### TASK REQUIREMENTS:
Stop at the line containing "李記 | 原創手工真皮 | 復古幾何拼接の鏈條斜唄包ms192號": repeat exactly every line of the entries below from the first up to it, plus that line, with pictures omitted.
==================================================
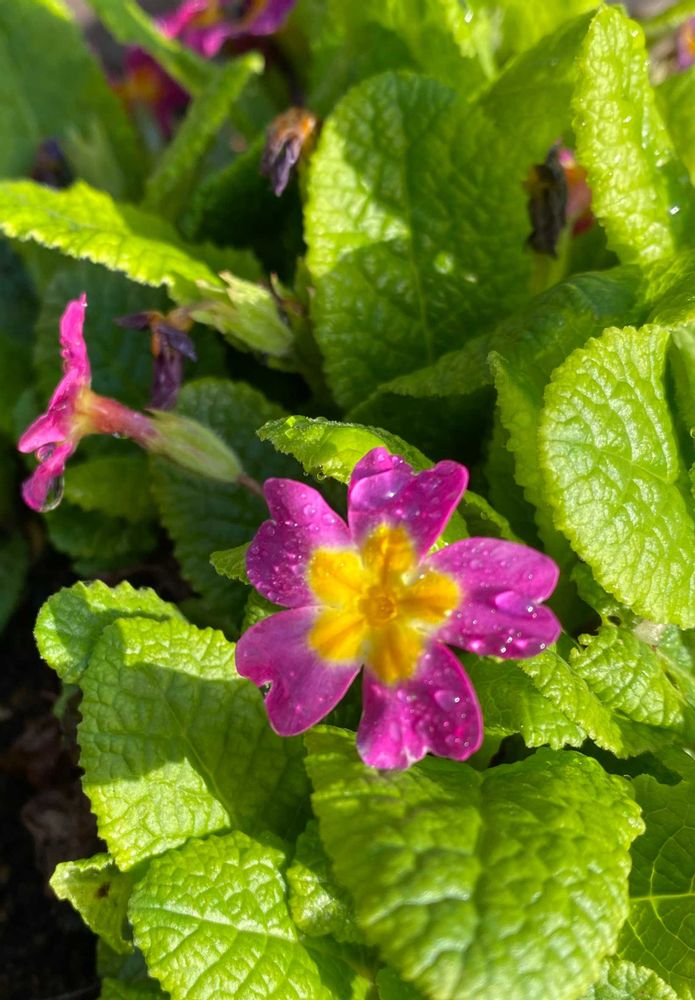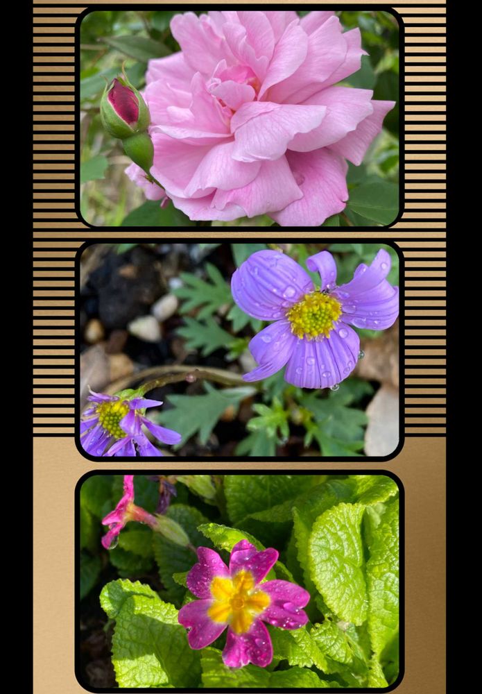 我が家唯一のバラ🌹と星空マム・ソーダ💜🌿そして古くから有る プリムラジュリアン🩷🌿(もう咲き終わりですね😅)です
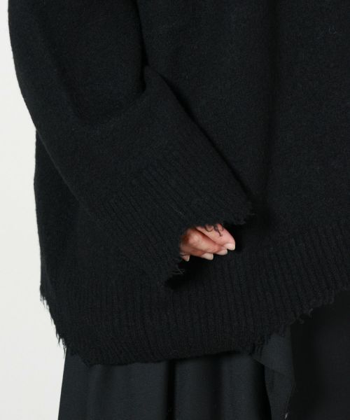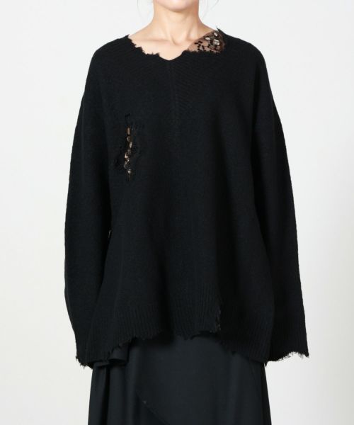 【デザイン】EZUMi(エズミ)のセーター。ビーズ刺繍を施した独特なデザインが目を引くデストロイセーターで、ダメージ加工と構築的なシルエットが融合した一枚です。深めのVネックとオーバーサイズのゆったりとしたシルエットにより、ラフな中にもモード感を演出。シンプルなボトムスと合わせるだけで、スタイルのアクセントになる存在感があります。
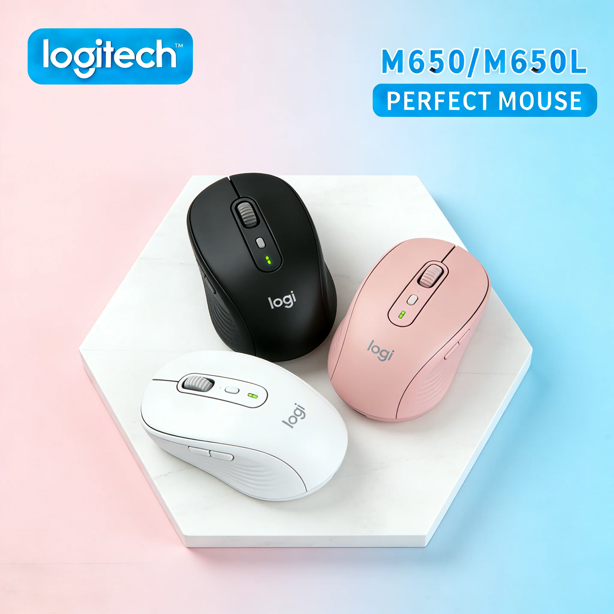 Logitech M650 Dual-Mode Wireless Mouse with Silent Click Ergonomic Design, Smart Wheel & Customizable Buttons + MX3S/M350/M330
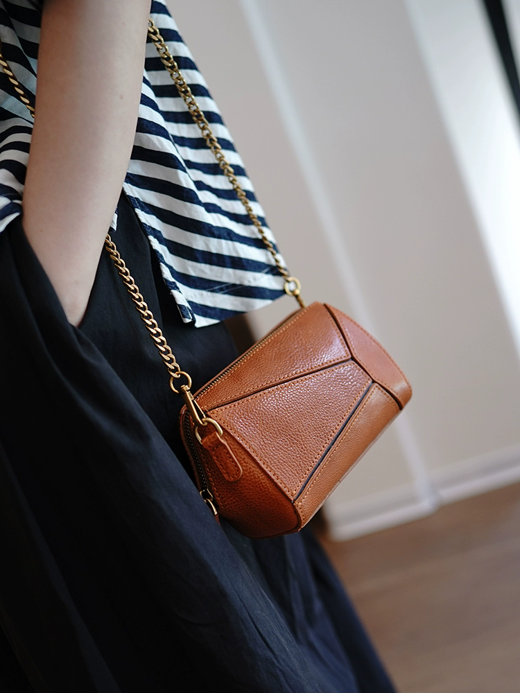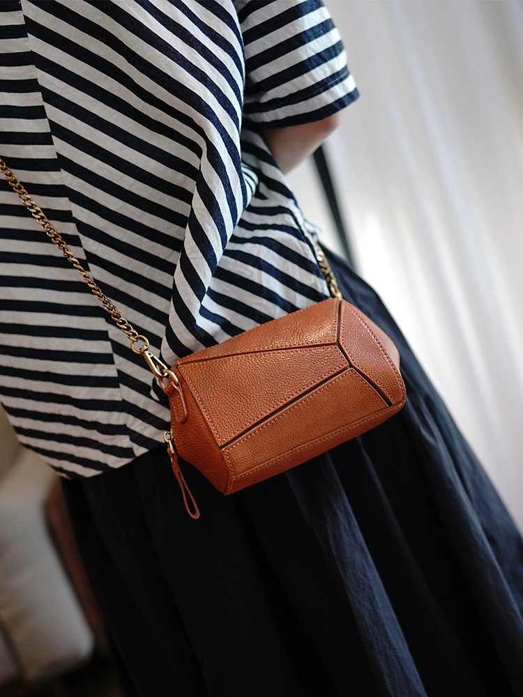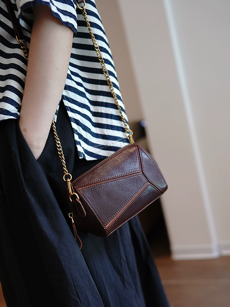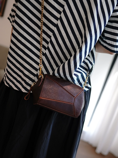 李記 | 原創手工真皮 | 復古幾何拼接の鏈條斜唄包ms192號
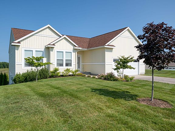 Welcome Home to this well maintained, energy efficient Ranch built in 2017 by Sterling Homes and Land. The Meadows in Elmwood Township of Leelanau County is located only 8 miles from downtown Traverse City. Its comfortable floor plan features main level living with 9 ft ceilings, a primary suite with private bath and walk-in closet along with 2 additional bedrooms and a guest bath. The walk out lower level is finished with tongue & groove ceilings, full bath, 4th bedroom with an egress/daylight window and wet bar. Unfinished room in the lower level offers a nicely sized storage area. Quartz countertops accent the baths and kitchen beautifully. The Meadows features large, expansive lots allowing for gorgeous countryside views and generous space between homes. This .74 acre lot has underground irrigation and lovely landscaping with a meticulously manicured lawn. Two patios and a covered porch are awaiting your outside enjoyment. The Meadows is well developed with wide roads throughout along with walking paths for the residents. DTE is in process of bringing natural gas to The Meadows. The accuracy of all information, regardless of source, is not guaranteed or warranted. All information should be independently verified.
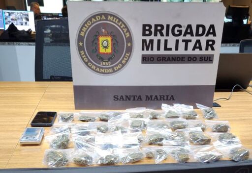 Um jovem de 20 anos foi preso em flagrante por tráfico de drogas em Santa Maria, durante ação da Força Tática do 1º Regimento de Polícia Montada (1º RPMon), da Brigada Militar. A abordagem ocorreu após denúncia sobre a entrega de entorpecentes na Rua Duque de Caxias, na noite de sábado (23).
==================================================
### EXERCISE OUTPUT:
 我が家唯一のバラ🌹と星空マム・ソーダ💜🌿そして古くから有る プリムラジュリアン🩷🌿(もう咲き終わりですね😅)です
 【デザイン】EZUMi(エズミ)のセーター。ビーズ刺繍を施した独特なデザインが目を引くデストロイセーターで、ダメージ加工と構築的なシルエットが融合した一枚です。深めのVネックとオーバーサイズのゆったりとしたシルエットにより、ラフな中にもモード感を演出。シンプルなボトムスと合わせるだけで、スタイルのアクセントになる存在感があります。
 Logitech M650 Dual-Mode Wireless Mouse with Silent Click Ergonomic Design, Smart Wheel & Customizable Buttons + MX3S/M350/M330
 李記 | 原創手工真皮 | 復古幾何拼接の鏈條斜唄包ms192號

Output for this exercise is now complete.